LLM Pre-training and Fine-tuning

I designed and delivered this technical workshop to give engineering teams a comprehensive understanding of how large language models are built from scratch. As LLM deployment accelerates across organizations, understanding the complete training pipeline has become critical for making informed decisions about model selection, computational resources, and custom training approaches.
The workshop opens with the evolution from encoder-only models like BERT to today's decoder-only architectures that power ChatGPT and LLaMA. I walk through the complete pre-training pipeline, starting with massive data collection from web crawls, books, and code repositories, then diving deep into the often-overlooked data cleaning phase that reduces raw datasets by 90% through language detection, quality filtering, deduplication, and PII removal.

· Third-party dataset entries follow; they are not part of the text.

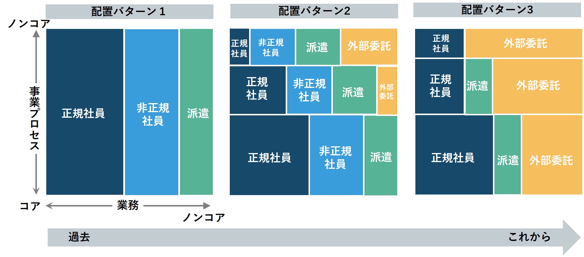 「コア業務は社内で、ノンコア業務は外部に」という縦割りの分け方ではなく、「この業務を任せるには誰が最も適しているのか」という視点から、社内外の人材を活用するチーム形成が求められています。柔軟な体制を整えることで、より多様性を活かした組織づくりが可能となるでしょう。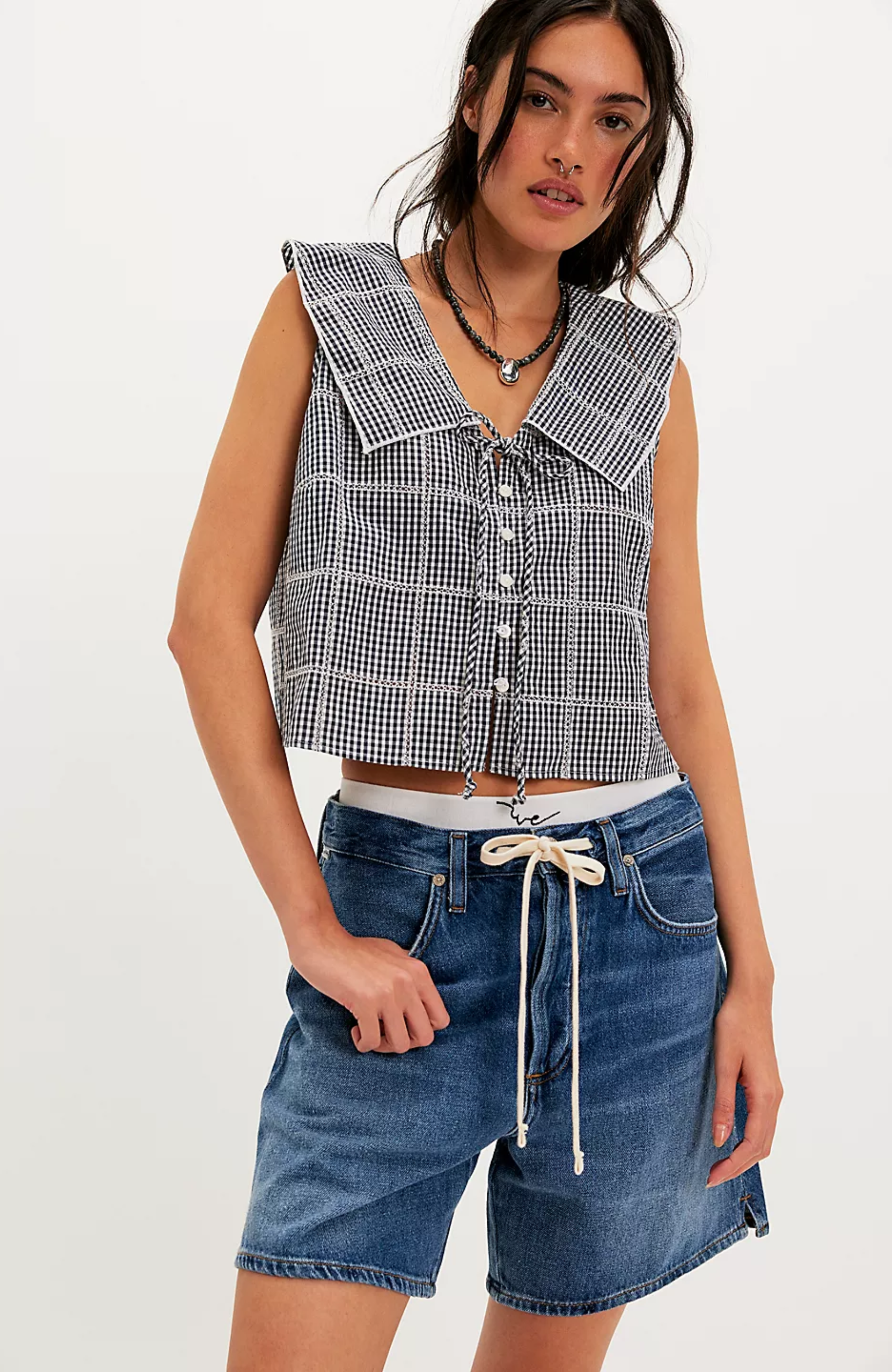 - Go retro in this plaid cropped top, featured in a sleeveless design with sprawling collar, button-front closure, and tie detail.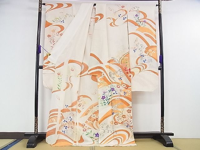 ■ 身丈 172cm(肩から) 裄丈 66cm 袖丈 104cm 袖幅 33.5cm 前幅 25cm 後幅 31cm 着物縫いこみ 内揚げ 0cm 裄 お袖側 約 1.5cm 身頃側 約 1cm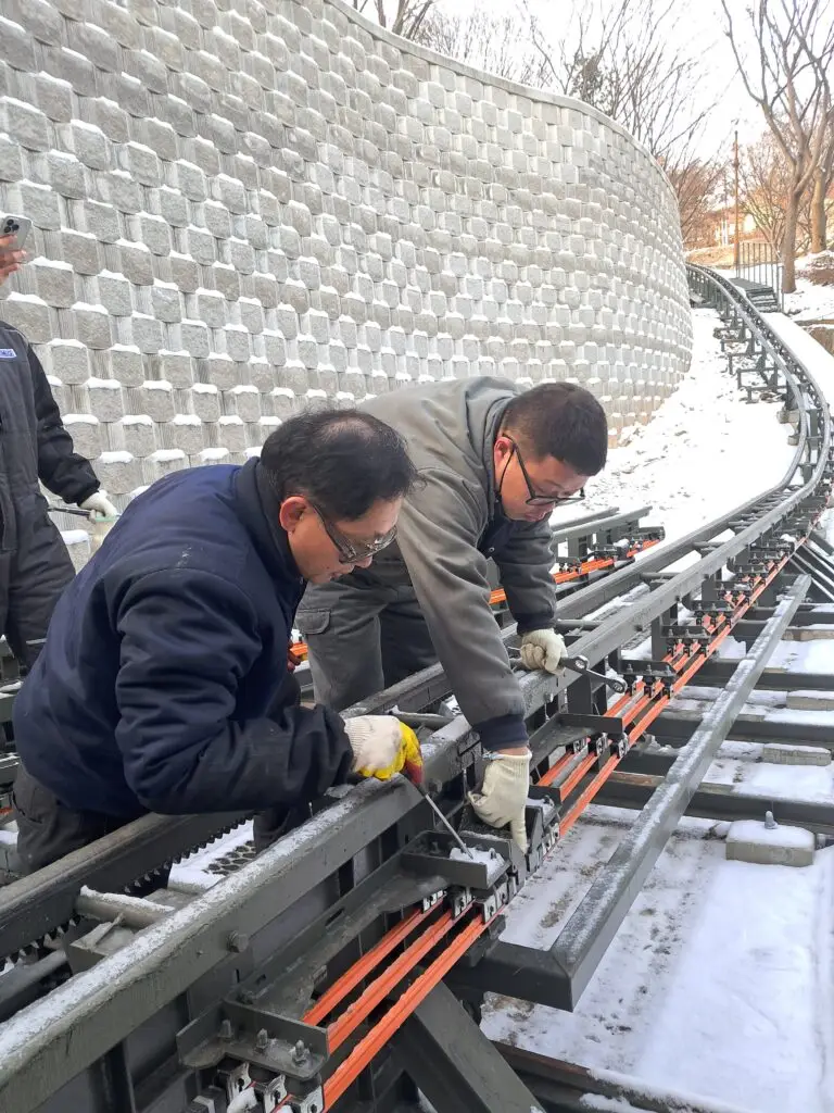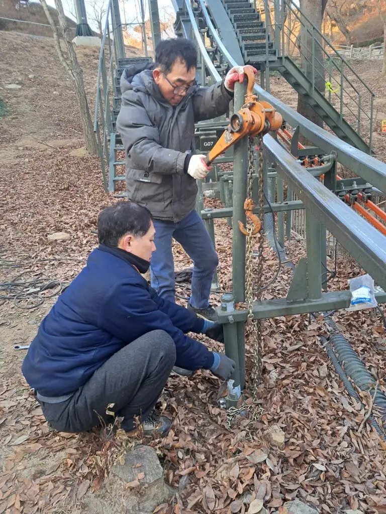 여러분의 안전을 위해 정기/부정기적으로 모노레일 차량과 선로를 점검과 보수하고 있습니다. 매주 첫번째와 세번째 월요일에 휴장을 하고 점검을 하며 3개월마다 정기적인 유지 보수를 하고 있습니다. 유지 보수를 위한 임시/정기 휴무일은 전화 안내와 홈페이지 공지사항을 통해 미리 알려드리고 있습니다. 일정에 차질 없도록 미리 참고하시기 바랍니다.
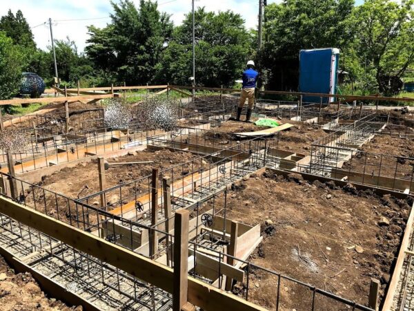 基礎の鉄筋組みまで進み、先日、配筋検査を受けました。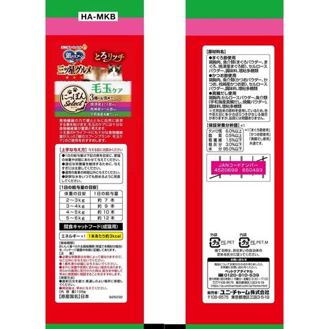 日本各地の厳選素材を使用したウェットおやつ・日本各地の「お取り寄せ」素材を使用した、とろ~りウェットタイプの上質なおやつ ・6gで食べきりサイズ ・国産、無着色 ・毛づくろい等で飲み込んでしまった毛の排泄を助けるために、食物繊維を配合 ・ひと袋に3種類の味が詰まったアソートタイプ使用方法・給与方法:与える前にお読みください●1日の給与量は下記の表を目安に、愛猫の体重や状態にあわせて与えてください。

The core technical section covers causal language modeling through next-token prediction, showing how models progress from random tokens to coherent text. Using real examples like StarCoder and LLaMA-2, I demonstrate the computational scale involved and break down memory requirements that push even 7B models to need 140GB+ of GPU RAM when accounting for optimizer states, gradients, and activations beyond just parameter storage.
I cover the practical training challenges that make LLM development expensive: mixed-precision training to handle numerical instability, distributed training through techniques like ZeRO and FSDP for model sharding, and the Chinchilla scaling laws that revealed most models were undertrained rather than too small. These insights shifted the field toward longer training runs on smaller, more efficient models.
The fine-tuning section explains why base models need supervised fine-tuning to become conversational assistants, contrasting raw next-token prediction with instruction-following behavior. I explore different approaches from domain-specific continued pre-training to multi-task instruction tuning, tracing the evolution from T5's task prefixes through modern imitation learning techniques that use larger models to generate training data for smaller ones.
The workshop's climax focuses on parameter-efficient fine-tuning (PEFT), particularly LoRA, as the practical solution for teams without massive budgets. I provide a detailed walkthrough of low-rank adaptation, showing how small adapter matrices can achieve full fine-tuning performance while using 95% fewer parameters. The mathematical intuition, training process, and inference-time merging are all covered with concrete examples, plus practical guidance on hyperparameters and when to use techniques like QLoRA for quantized training.
My goal is to demystify the engineering realities behind LLM development while providing teams with strategic knowledge for choosing between existing models and custom training approaches.